## Directions for this task
Give each line of the records again exactly and omit every picture.

[Source material — start]

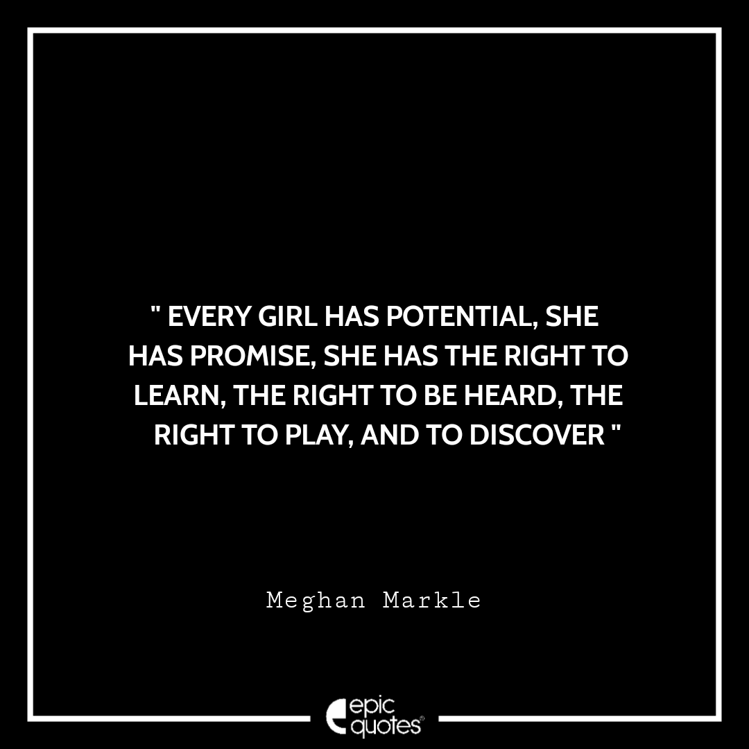 9 Every girl has potential, She has promise, She has the right to learn, the right to be heard, the right to play, and to discover. -Meghan Markle
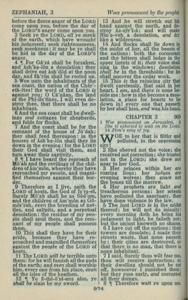 1946年King James Version 西番雅书 2 章 3 节到 3 章 8 节
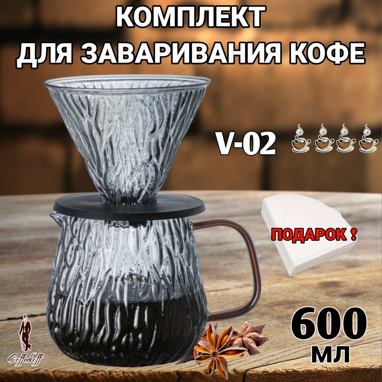 Набор для заваривания кофе, Воронка для кофе, чайник-сервер, стекло "Орех" информация:
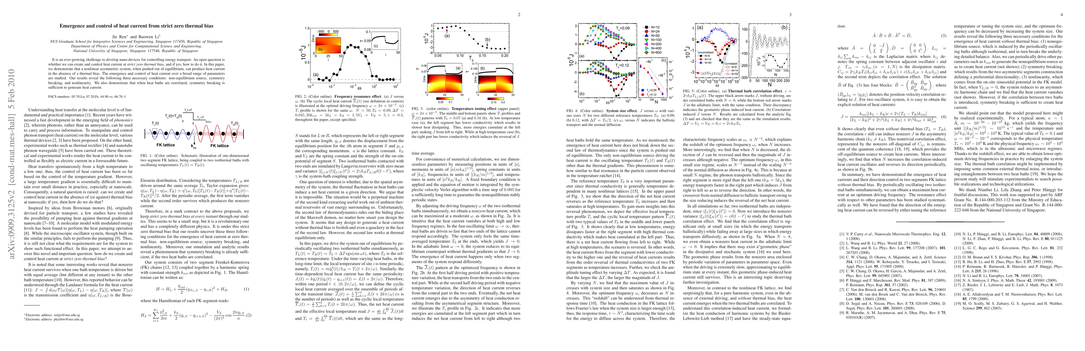 It is an ever-growing challenge to develop nano-devices for controlling energy transport. An open question is whether we can create and control heat current at {\it strict zero thermal bias}, and if yes, how to do it. In this paper, we demonstrate that a nonlinear asymmetric system, when pushed out of equilibrium, can produce heat current in the absence of a thermal bias. The emergence and control of heat current over a broad range of parameters are studied. Our results reveal the following three necessary conditions: non-equilibrium source, symmetry breaking, and nonlinearity. We also demonstrate that when heat baths are correlated, symmetry breaking is sufficient to generate heat current.
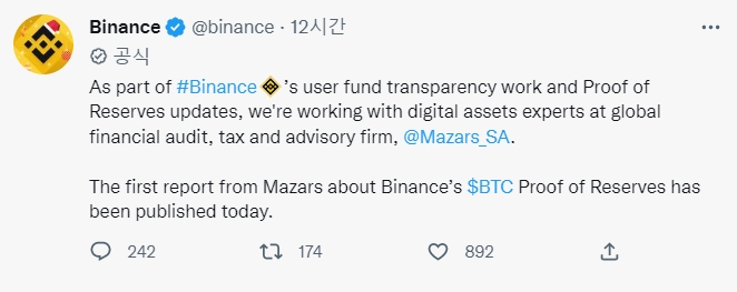 글로벌 회계법인 마자스(Mazars)가 가상화폐 거래소 바이낸스의 비트코인 보유고가 과다 담보되었다고 7일 보고했다. 출처=바이낸스 공식 트위터
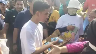 Momen Gibran bagi susu saat cfd. (tvOnenews/Abdul Gani Siregar)
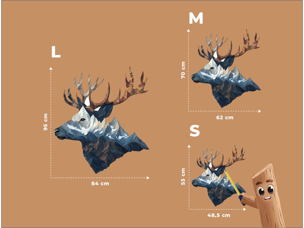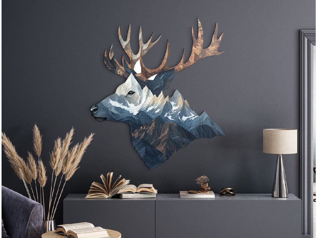 La représentation artistique de la tête d'un cerf associée à un paysage montagneux majestueux crée un symbole visuel fort de la connexion entre l'animal et la nature. Le cerf apparaît ici comme le gardien silencieux de la nature sauvage, pur, libre et digne. Cet élément décoratif incarne la paix, l'équilibre et l'élégance naturelle, qui ressortira dans n'importe quel intérieur.
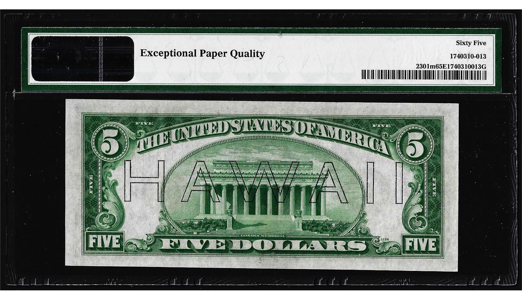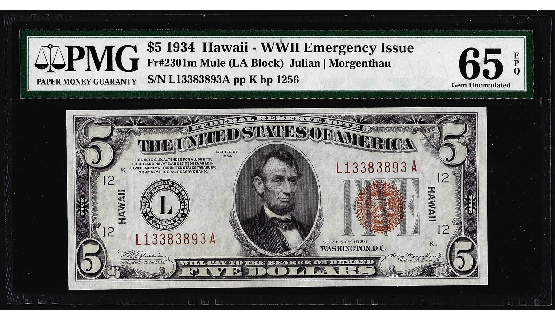 One 1934 $5 Hawaii WWII Emergency Issue Federal Reserve Note PMG Gem Uncirculated 65EPQ. PMG Certified.
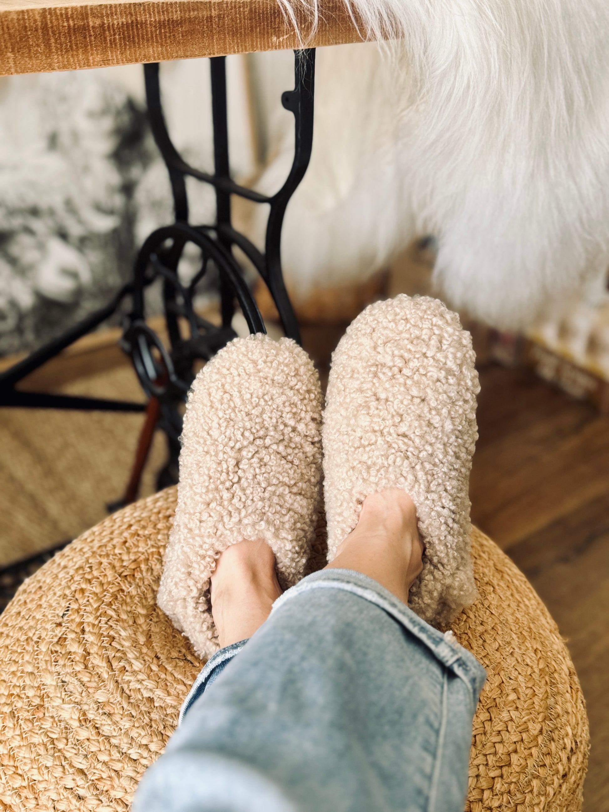 Follkee Teddy Bear Slippers Natural Beige Sheep Skin Wool Lined Handcrafted Luxury Slippers
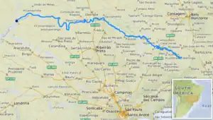Rio Grande[2] (Portuguese for "great river") is a river in south-central Brazil. It rises in the Mantiqueira Mountains in the state of Minas Gerais and descends inland, west-northwestward. Its lower course marks a portion of the Minas Gerais-São Paulo border. At the Mato Grosso do Sul state border, after a course of 1,090 km (677 mi),[3] it joins the Paranaíba River to form the Upper Paraná River.
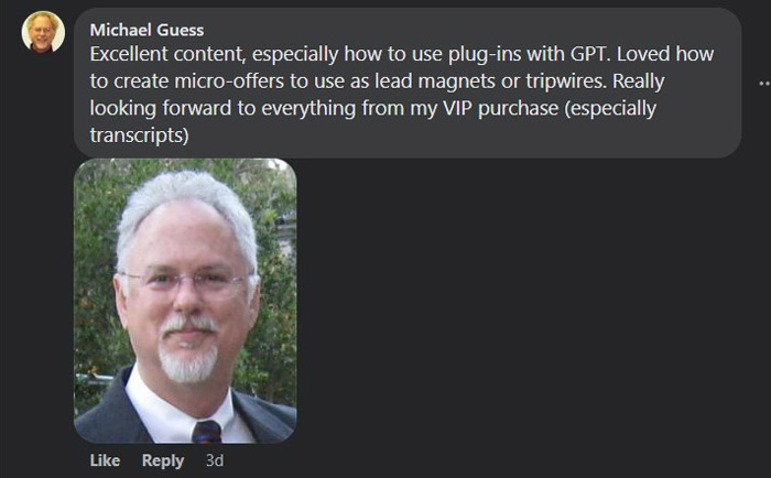 Together with the 5-Day “Create Offers That Sell Using AI” Challenge you will also get access to the recordings of VIP workshop.
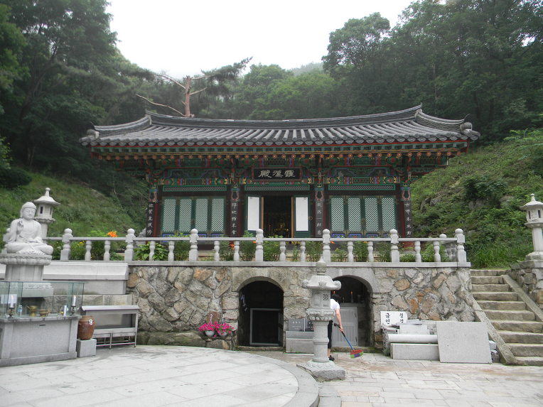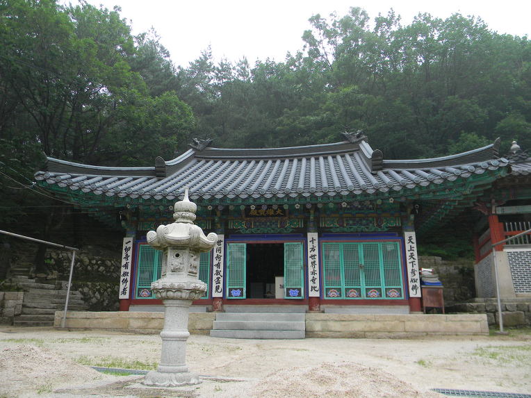 나한전 뜨락 우측에는 약사여래좌상과 석조미륵불이, 좌측에는 3층사리탑과 근래에 지어진 월 |
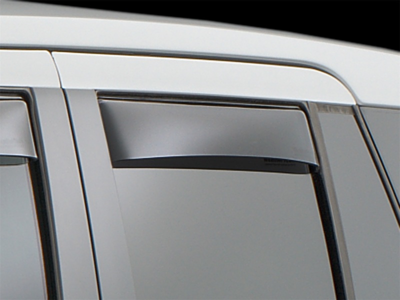 WeatherTech® Side Window Deflectors offer you fresh air enjoyment with an original equipment look. They are crafted in Germany from the finest 3mm lightly-tinted acrylic material available. Installation is quick and easy, with no exterior tape needed. WeatherTech® Side Window Deflectors are precision-machined to perfectly fit your vehicle. These low profile window deflectors help to reduce wind noise and allow interior heat to escape. Also available in dark tint for most vehicles. 3 year warranty. Side Window Deflector; Rear; Dark Tint;
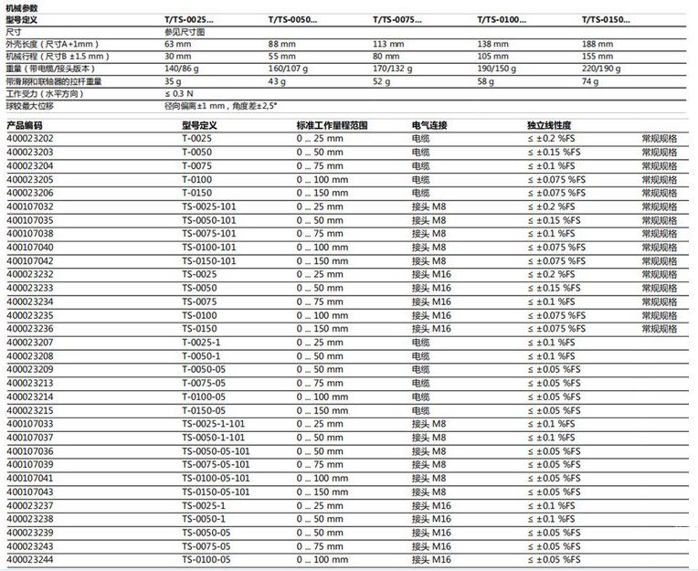 諾沃泰克TS-0075直線位移傳感器相關(guān)型號詞:
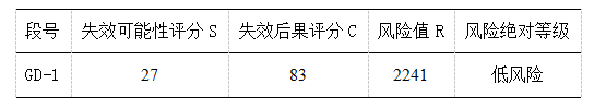 改線(xiàn)管段穿越河流,管道周邊建(構)筑物、人員密度等因素較少,將其劃分為1個(gè)評價(jià)單元,即1處管段(段號GD-1)。
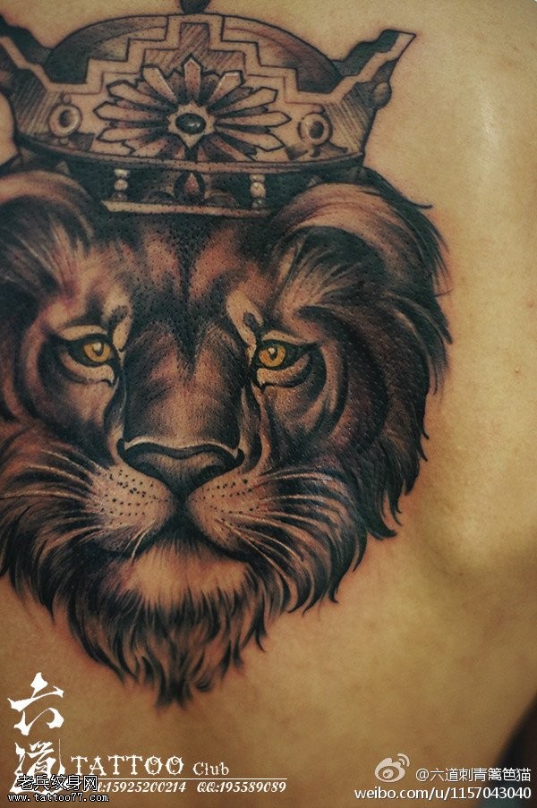 眼似铜铃双目生严皇冠狮子纹身图案
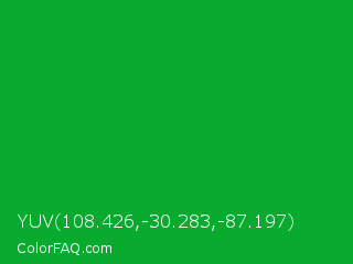 YUV 108.426,-30.283,-87.197 Color is a normal green color and the nearest color is Green Pantone #00ad43. Hex code #09ab2f and RGB value is rgb(9,171,47). In RGB color space, this color is composed of 4% red, 67% green, 18% blue, In CMYK color space, this color is composed of 95% cyan, 0% magenta, 73% yellow , 33% black , In HSL color space, this color has a hue angle of 134° , 90% saturation and 35% lightness.
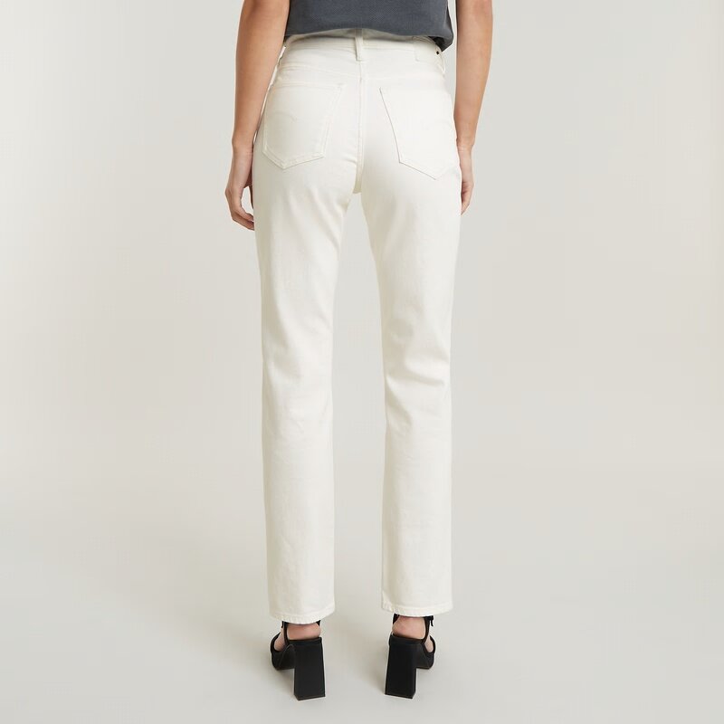 The design of these Viktoria jeans shows a straight fit with a high waist. Offering a bit more room around the top to proceed into a classic straight leg.

[Source material — finish]

## Exercise response
 9 Every girl has potential, She has promise, She has the right to learn, the right to be heard, the right to play, and to discover. -Meghan Markle
 1946年King James Version 西番雅书 2 章 3 节到 3 章 8 节
 Набор для заваривания кофе, Воронка для кофе, чайник-сервер, стекло "Орех" информация:
 It is an ever-growing challenge to develop nano-devices for controlling energy transport. An open question is whether we can create and control heat current at {\it strict zero thermal bias}, and if yes, how to do it. In this paper, we demonstrate that a nonlinear asymmetric system, when pushed out of equilibrium, can produce heat current in the absence of a thermal bias. The emergence and control of heat current over a broad range of parameters are studied. Our results reveal the following three necessary conditions: non-equilibrium source, symmetry breaking, and nonlinearity. We also demonstrate that when heat baths are correlated, symmetry breaking is sufficient to generate heat current.
 글로벌 회계법인 마자스(Mazars)가 가상화폐 거래소 바이낸스의 비트코인 보유고가 과다 담보되었다고 7일 보고했다. 출처=바이낸스 공식 트위터
 Momen Gibran bagi susu saat cfd. (tvOnenews/Abdul Gani Siregar)
 La représentation artistique de la tête d'un cerf associée à un paysage montagneux majestueux crée un symbole visuel fort de la connexion entre l'animal et la nature. Le cerf apparaît ici comme le gardien silencieux de la nature sauvage, pur, libre et digne. Cet élément décoratif incarne la paix, l'équilibre et l'élégance naturelle, qui ressortira dans n'importe quel intérieur.
 One 1934 $5 Hawaii WWII Emergency Issue Federal Reserve Note PMG Gem Uncirculated 65EPQ. PMG Certified.
 Follkee Teddy Bear Slippers Natural Beige Sheep Skin Wool Lined Handcrafted Luxury Slippers
Rio Grande[2] (Portuguese for "great river") is a river in south-central Brazil. It rises in the Mantiqueira Mountains in the state of Minas Gerais and descends inland, west-northwestward. Its lower course marks a portion of the Minas Gerais-São Paulo border. At the Mato Grosso do Sul state border, after a course of 1,090 km (677 mi),[3] it joins the Paranaíba River to form the Upper Paraná River.
 Together with the 5-Day “Create Offers That Sell Using AI” Challenge you will also get access to the recordings of VIP workshop.
 나한전 뜨락 우측에는 약사여래좌상과 석조미륵불이, 좌측에는 3층사리탑과 근래에 지어진 월 |
 WeatherTech® Side Window Deflectors offer you fresh air enjoyment with an original equipment look. They are crafted in Germany from the finest 3mm lightly-tinted acrylic material available. Installation is quick and easy, with no exterior tape needed. WeatherTech® Side Window Deflectors are precision-machined to perfectly fit your vehicle. These low profile window deflectors help to reduce wind noise and allow interior heat to escape. Also available in dark tint for most vehicles. 3 year warranty. Side Window Deflector; Rear; Dark Tint;
 諾沃泰克TS-0075直線位移傳感器相關(guān)型號詞:
 改線(xiàn)管段穿越河流,管道周邊建(構)筑物、人員密度等因素較少,將其劃分為1個(gè)評價(jià)單元,即1處管段(段號GD-1)。
 眼似铜铃双目生严皇冠狮子纹身图案
 YUV 108.426,-30.283,-87.197 Color is a normal green color and the nearest color is Green Pantone #00ad43. Hex code #09ab2f and RGB value is rgb(9,171,47). In RGB color space, this color is composed of 4% red, 67% green, 18% blue, In CMYK color space, this color is composed of 95% cyan, 0% magenta, 73% yellow , 33% black , In HSL color space, this color has a hue angle of 134° , 90% saturation and 35% lightness.
 The design of these Viktoria jeans shows a straight fit with a high waist. Offering a bit more room around the top to proceed into a classic straight leg.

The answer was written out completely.